**Records shown:**
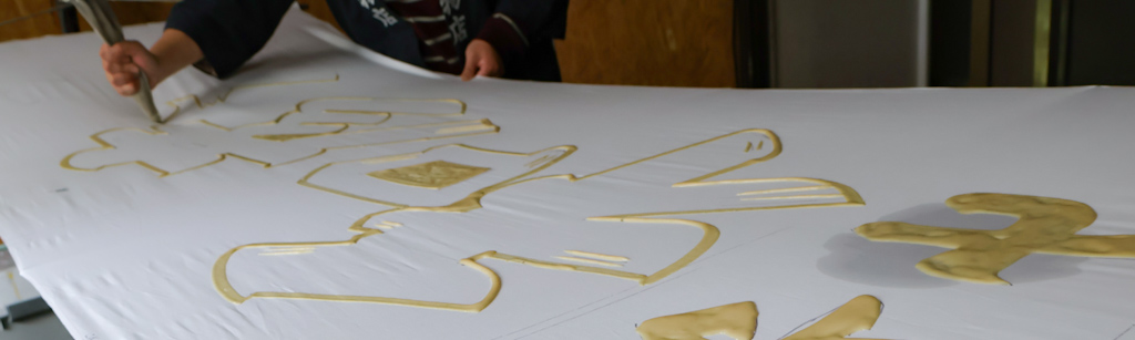 “Originally, these flags were very simple,” he explained while deftly applying paste to cloth. “Fishermen would hoist a flag to tell their families they had returned with a big catch. All it needed was the name of the boat, the word ‘大漁’ (tairyō, ‘big catch’), and the name of the sender. No pictures—just words bold enough to be read from far away.”
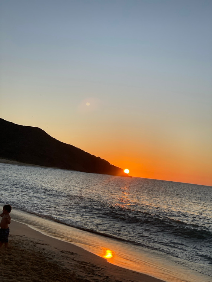 The image depicts a coastal sunset scene in Altagracia, Venezuela. A young child, partially visible on the lower left, stands on the sandy beach facing the ocean, wearing dark patterned swim trunks. T…read more
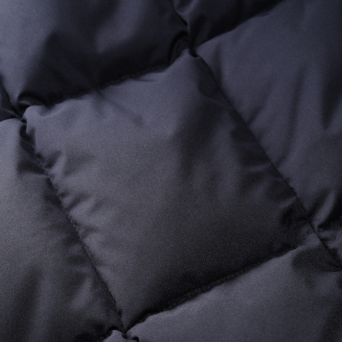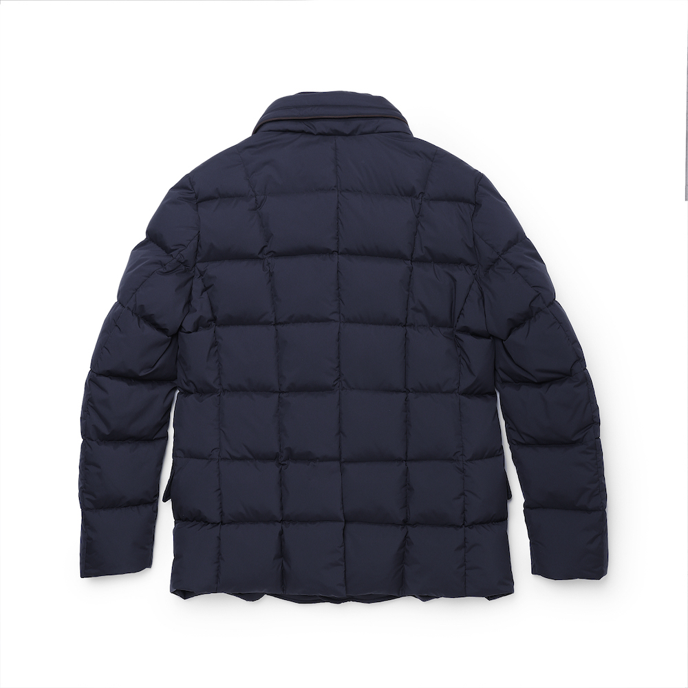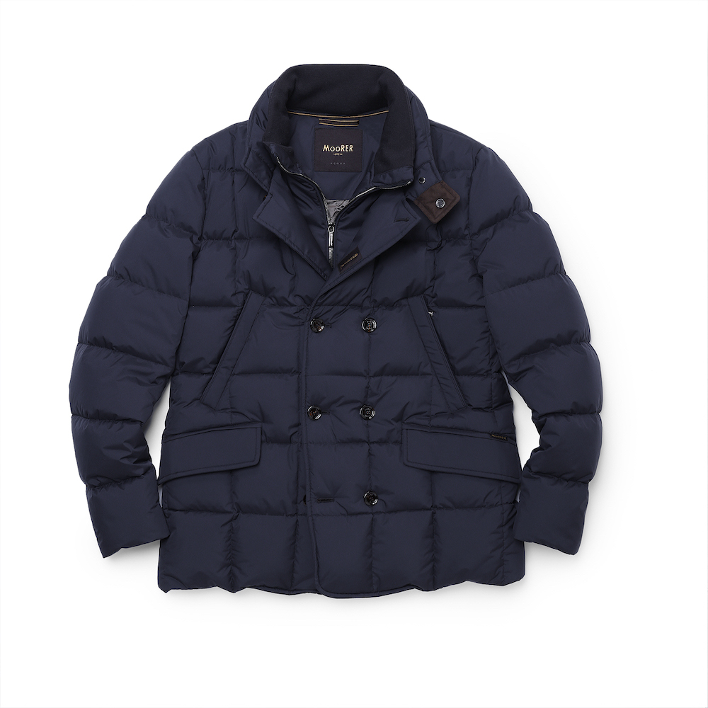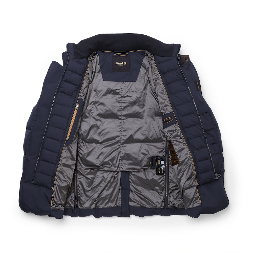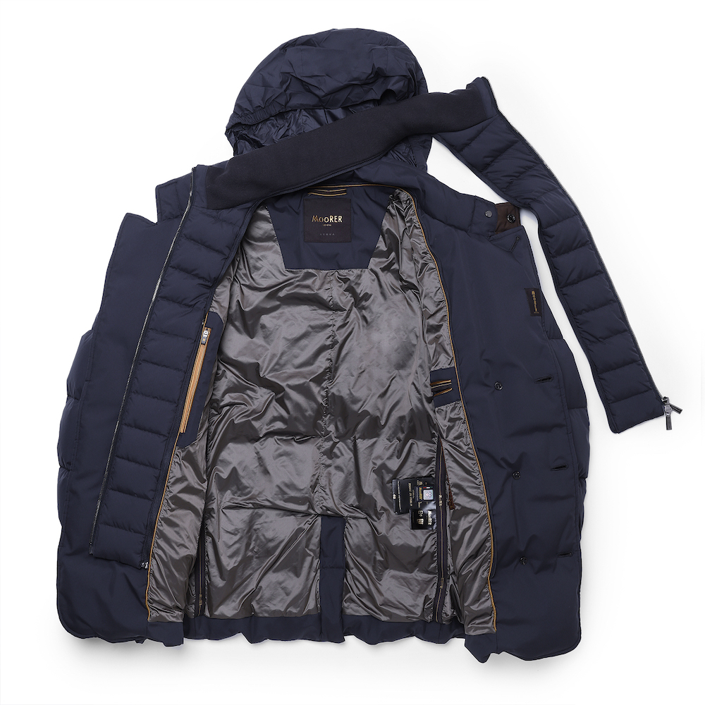 セミダブルブレストが MooRER らしく、フロントを開けて着用したときも美しくスリムなシルエットが 特徴です。 重ね着をしたようなスタンドカラーのリブ襟~前立ては取り外しをすることができるので、気温や着こな しに合わせて調節ができます。 また襟元にはフードが内蔵されています。襟元に施されたスエードのトリミングがラグジュアリーな雰囲 気を醸し出しています。
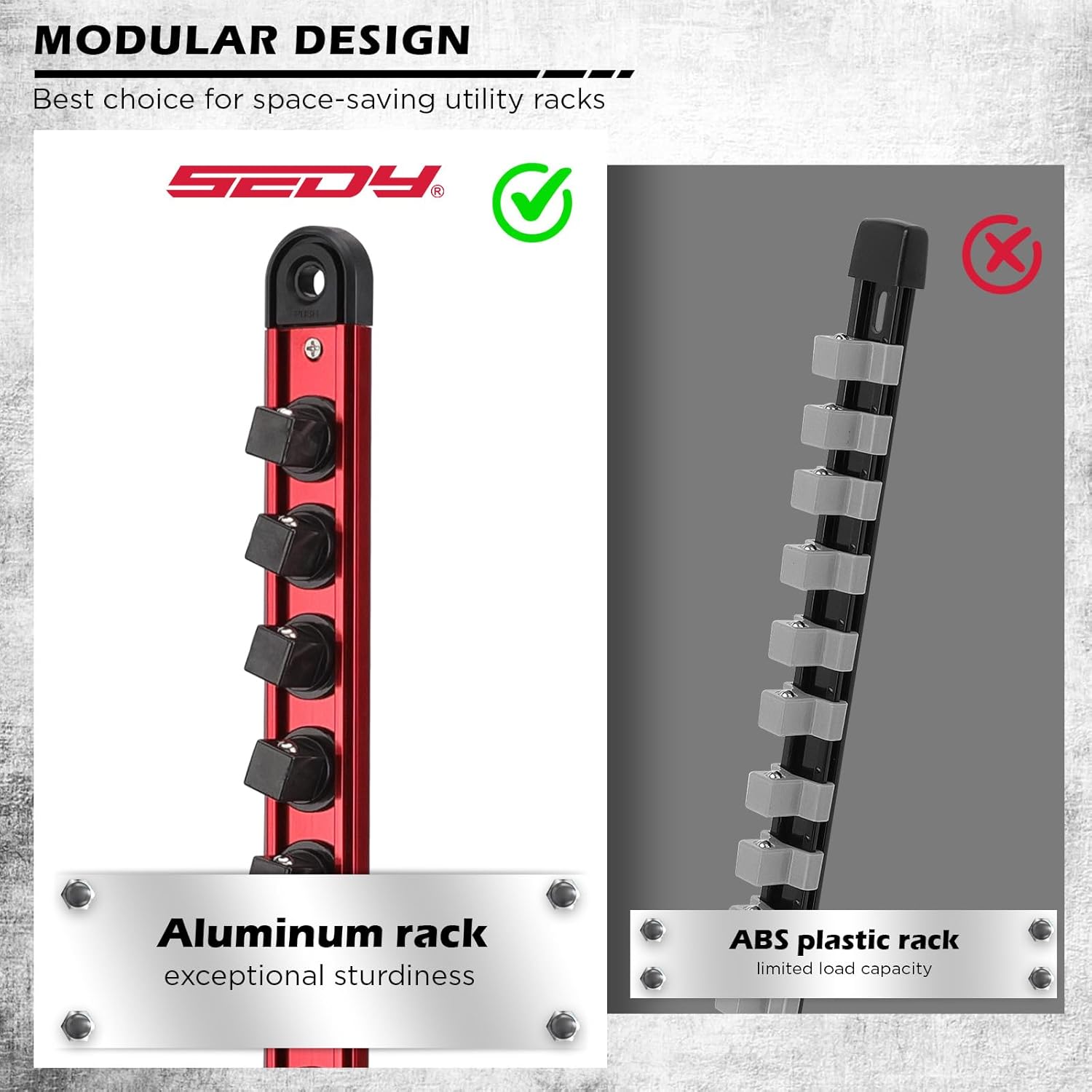 - VERSATILE STORAGE - Magnetic back and hanging holes enable attachment to any metal surface, wall or tool cart this aluminum kit offers a versatile garage storage solution for impact sockets and SEDY-approved organization
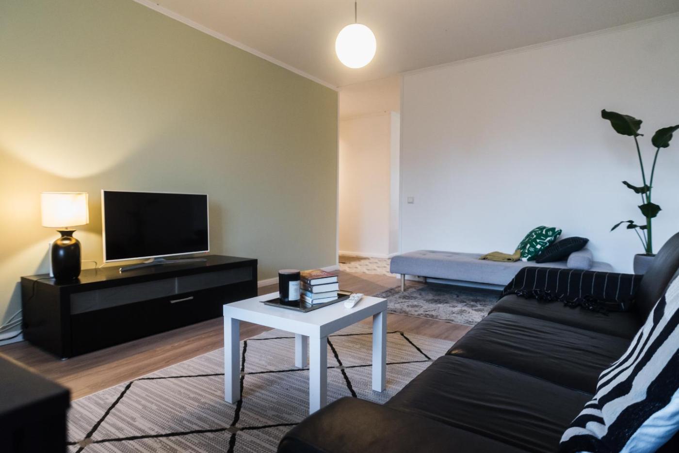 One-Bedroom Apartment. This apartment includes 1 bedroom, a kitchen and 1 bathroom with a shower and a hairdryer. Guests can make meals in the kitchen that is fitted with a stovetop, a refrigerator, a dishwasher and kitchenware. Boasting a balcony, this apartment also offers a washing machine, a tea and coffee maker and a flat-screen TV. The unit has 1 bed.
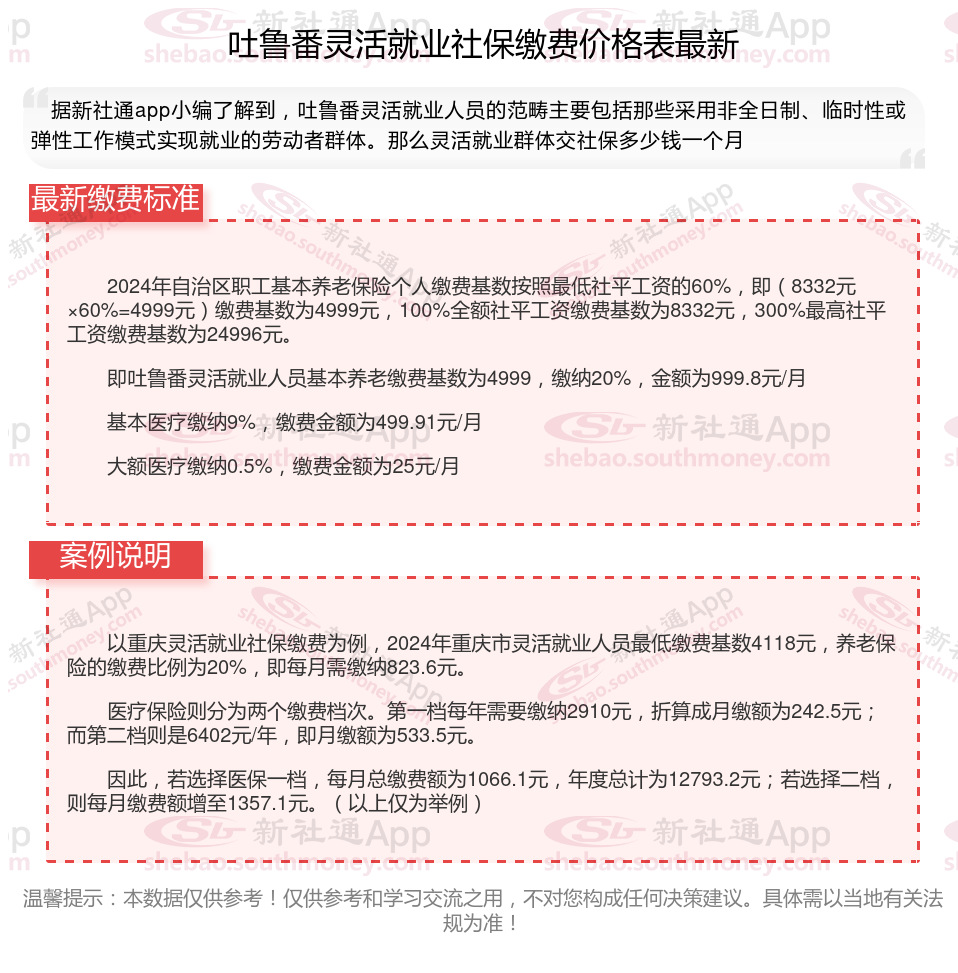 一、2024年吐鲁番灵活就业社保缴费标准表 吐鲁番灵活就业社保多少钱一个月?
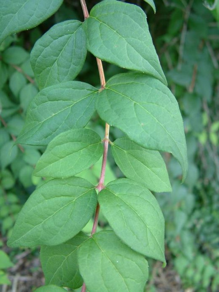 Листья парные, расположены супротивно, овальной формы, заостренные, с округлым основанием, 3,5-8 см в длину, темно-зеленого цвета, сверху по краям редко покрыты волосками, снизу – густоопушенные, более светлые. Осенью приобретают ярко-желтые тона.
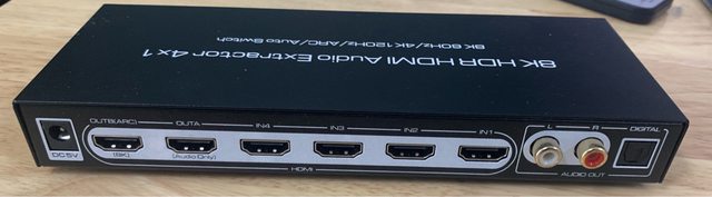 HDMI 2.1 4進2出(聲音跟視訊分離),一邊接電視(支援Dolby vision, HDR, 4K 120Hz
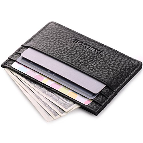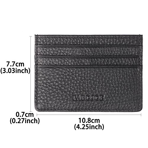Product Feature: ◆ Material:cowhide genuine leather ◆ Measures:(Lenght)7.7cm×(Width)10.8cm×(Thickness)0.7cm / (Lenght)3.03″×(Width)4.25″×(Thickness)0.27″(with a tolerance of 0.5cm(0.20″) to 1.0cm(0.39″) as result of everyone's different measurement technique.) ◆ Net Weight(APPR.):0.14KG ◆One color: black ◆ Open Closure type:no button,no zipper,just insert-in and pull-out ◆Gift Box's Package size(APPR.): (Lenght)14.4×(Width)11.5cm×(Thickness)3.4cm / (Lenght)5.67″×(Width)4.53″×(Thickness)1.34″ ◆ Package Weight(APPR.):0.24KG ◆ Brand:Pabojoe ◆ Country of origin:Made in ChinaPackage:polybag,and gift box 0
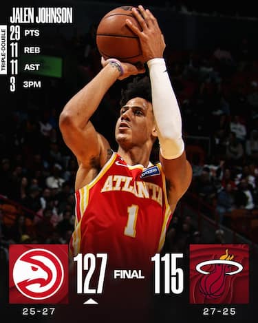 Non basta un ottimo Simone Fontecchio, che parte ancora una volta in quintetto e chiude con 18 punti, 6 rimbalzi, 2 assist e una stoppata in quasi 34 minuti giocati, agli Heat per battere Atlanta. Miami va infatti a sbattere sul muro eretto da Jalen Johnson con la tripla doppia da 29 punti, 11 rimbalzi e 11 assist, a cui si aggiungono i 26 punti in uscita dalla panchina del veterano CJ McCollum
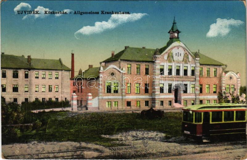 Újvidék, Novi Sad; Közkórház, villamos / Allgemeines Krankenhaus / hospital and tram (EK)
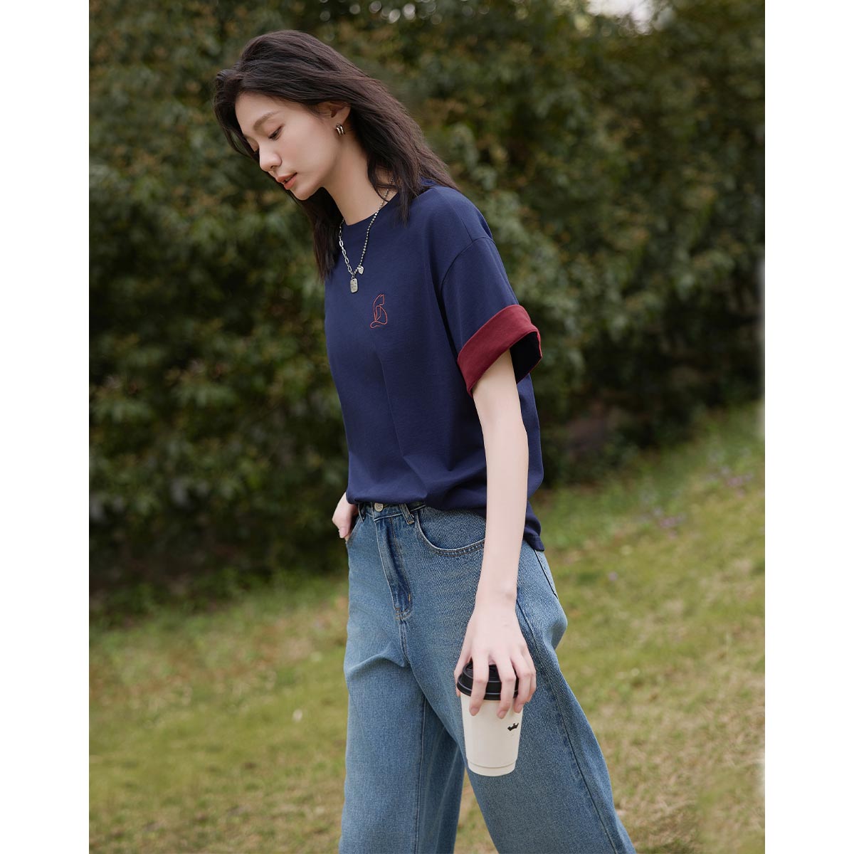【基础款翻边袖撞色T恤】夏款圆领绣花装饰短袖T恤女 943682
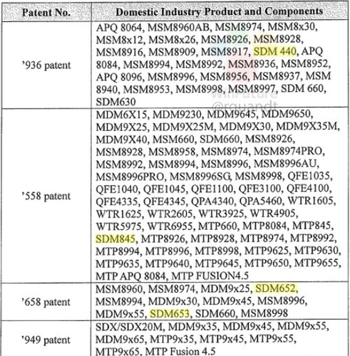 Và mặc dù Snapdragon 845 vẫn chưa được thông báo chính thức nhưng nó đã được hé lộ trong một bản thảo hồ sơ được Qualcomm gửi lên Ủy ban thương mại quốc tế ITC nhằm chống lại Apple. Qualcomm đang muốn yêu cầu áp đặt một lệnh cấm nhập khẩu đối với các sản phẩm iPhone vào Mỹ - một động thái trả đũa việc Apple ngừng trả tiền bản quyền. Hồ sơ được Qualcomm đưa ra có một danh sách những con chip SoC của hãng đã được cấp bằng sáng chế, trong đó có con chip với tên mã SDM845 – chính là Snapdragon 845.

**Instructions to follow:** All that should be printed is the run of lines above from the one with "一、2024年吐鲁番灵活就业社保缴费标准表 吐鲁番灵活就业社保多少钱一个月?" through the one with "HDMI 2.1 4進2出(聲音跟視訊分離),一邊接電視(支援Dolby", both included, exactly as given, with pictures left out.

**Written reply:**
 一、2024年吐鲁番灵活就业社保缴费标准表 吐鲁番灵活就业社保多少钱一个月?
 Листья парные, расположены супротивно, овальной формы, заостренные, с округлым основанием, 3,5-8 см в длину, темно-зеленого цвета, сверху по краям редко покрыты волосками, снизу – густоопушенные, более светлые. Осенью приобретают ярко-желтые тона.
 HDMI 2.1 4進2出(聲音跟視訊分離),一邊接電視(支援Dolby vision, HDR, 4K 120Hz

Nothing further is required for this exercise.